An honest look at the published studies on AI therapy, what they found, where the evidence is genuinely promising, and where researchers urge real caution.

Reviewed by Seph Fontane Pennock · 7 min read

Published July 6, 2026 · Last reviewed July 7, 2026

In short

The research on AI therapy is promising but early and mixed. Small randomized trials of chatbot tools like Woebot and Wysa, and a 2025 Dartmouth trial of Therabot, suggest AI conversation can reduce symptoms of depression and anxiety for some people with mild to moderate symptoms. Systematic reviews reach cautiously positive conclusions while flagging short studies, small samples, and weak long-term data. At the same time, safety research on general-purpose chatbots shows they can respond unsafely in crisis scenarios. The honest summary is that AI therapy may help with mild symptoms, the evidence is still early, and it is not a replacement for a licensed clinician or a crisis service.

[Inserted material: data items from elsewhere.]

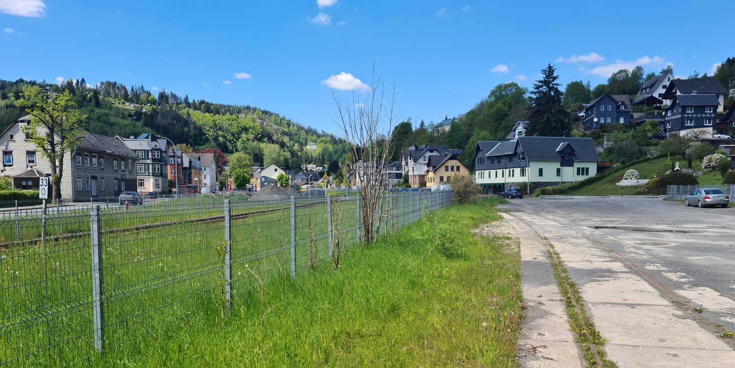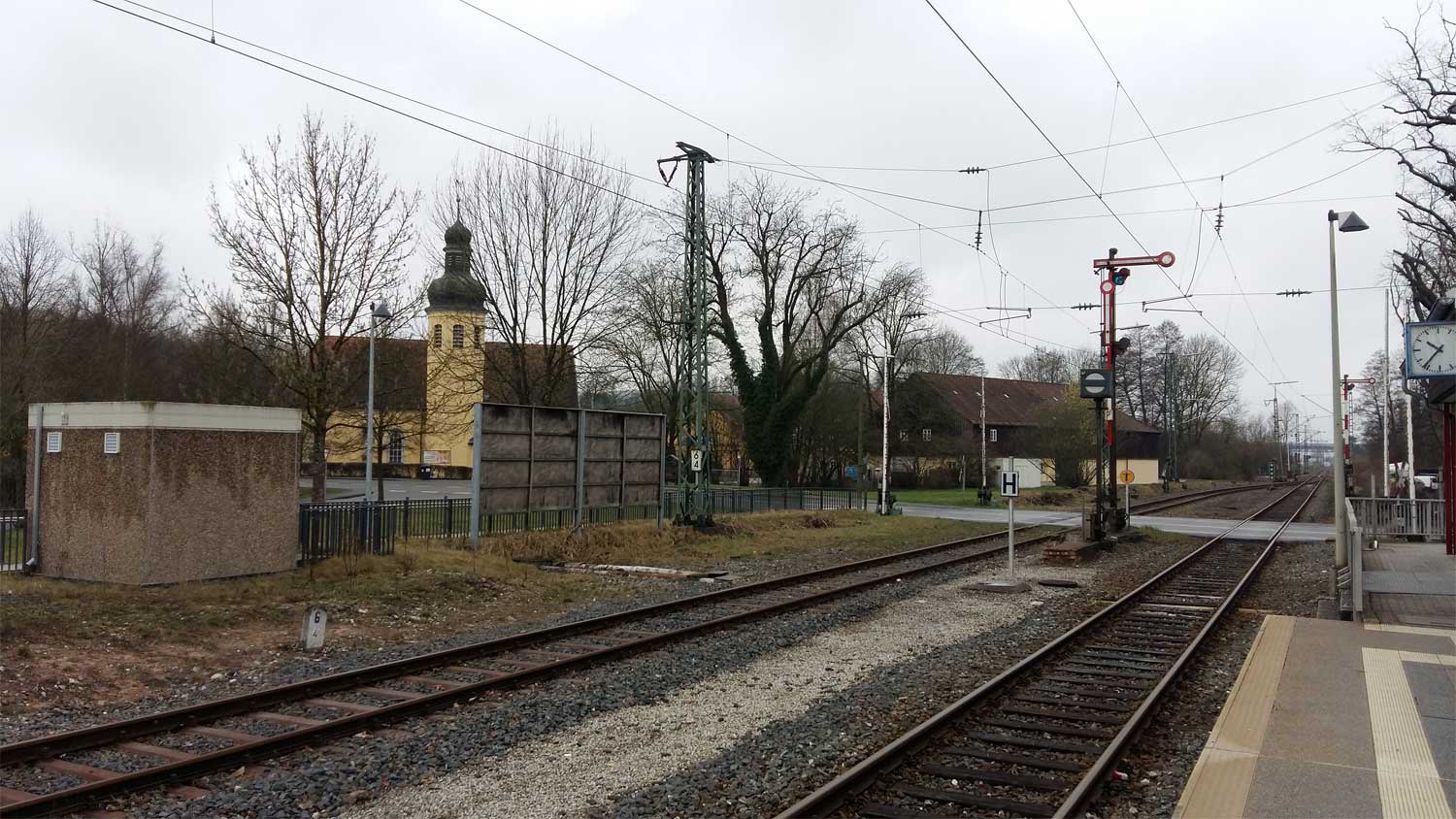 Blick vom Zug aus auf den Bf Lauscha (Thür)
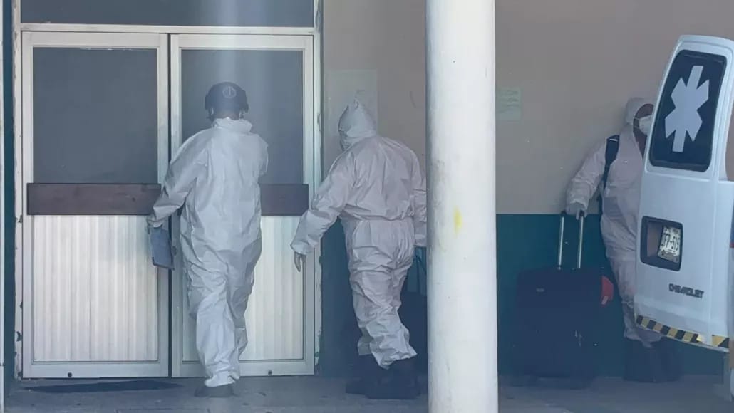 El traslado de los trabajadores se realizó bajo estrictos protocolos sanitarios, utilizando trajes protectores para evitar el riesgo de contagio.
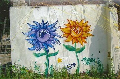 Keywords: graffiti painted flowers wall art drawing outdoor it's love (" it's love ("

What the research covers, and what it does not

Most of the strongest research on AI therapy looks at purpose-built mental-health chatbots that deliver structured techniques, usually drawn from cognitive behavioral therapy, rather than at general chatbots used informally for emotional support, a distinction that runs through all the applications of AI in therapy and counseling.

The published studies tend to measure short-term changes in symptoms of depression and anxiety, often over two to eight weeks, in people with mild to moderate symptoms. Far less is known about long-term outcomes, severe conditions, crisis situations, or how these tools perform outside a controlled study. Keeping that scope in mind is the key to reading the evidence, and to understanding why researchers describe the field as encouraging but thin. For a plain-language overview of the bottom line, see does AI therapy work.

I've followed this research since the first Woebot trial in 2017, and the pattern holds: the encouraging results come from purpose-built tools tested under clinical supervision, not from the general chatbots most people actually lean on. Keep that distinction in mind whenever a headline claims AI therapy works.

Seph Fontane Pennock, AI therapy expert

The Woebot trial (Fitzpatrick, 2017)

One of the most cited early studies is a randomized controlled trial of Woebot, a chatbot that delivers brief, conversational cognitive behavioral therapy. Published in 2017 in JMIR Mental Health by Fitzpatrick, Darcy, and Vierhile, it enrolled 70 college students who reported symptoms of depression and anxiety and compared two weeks of Woebot conversations against an information-only control.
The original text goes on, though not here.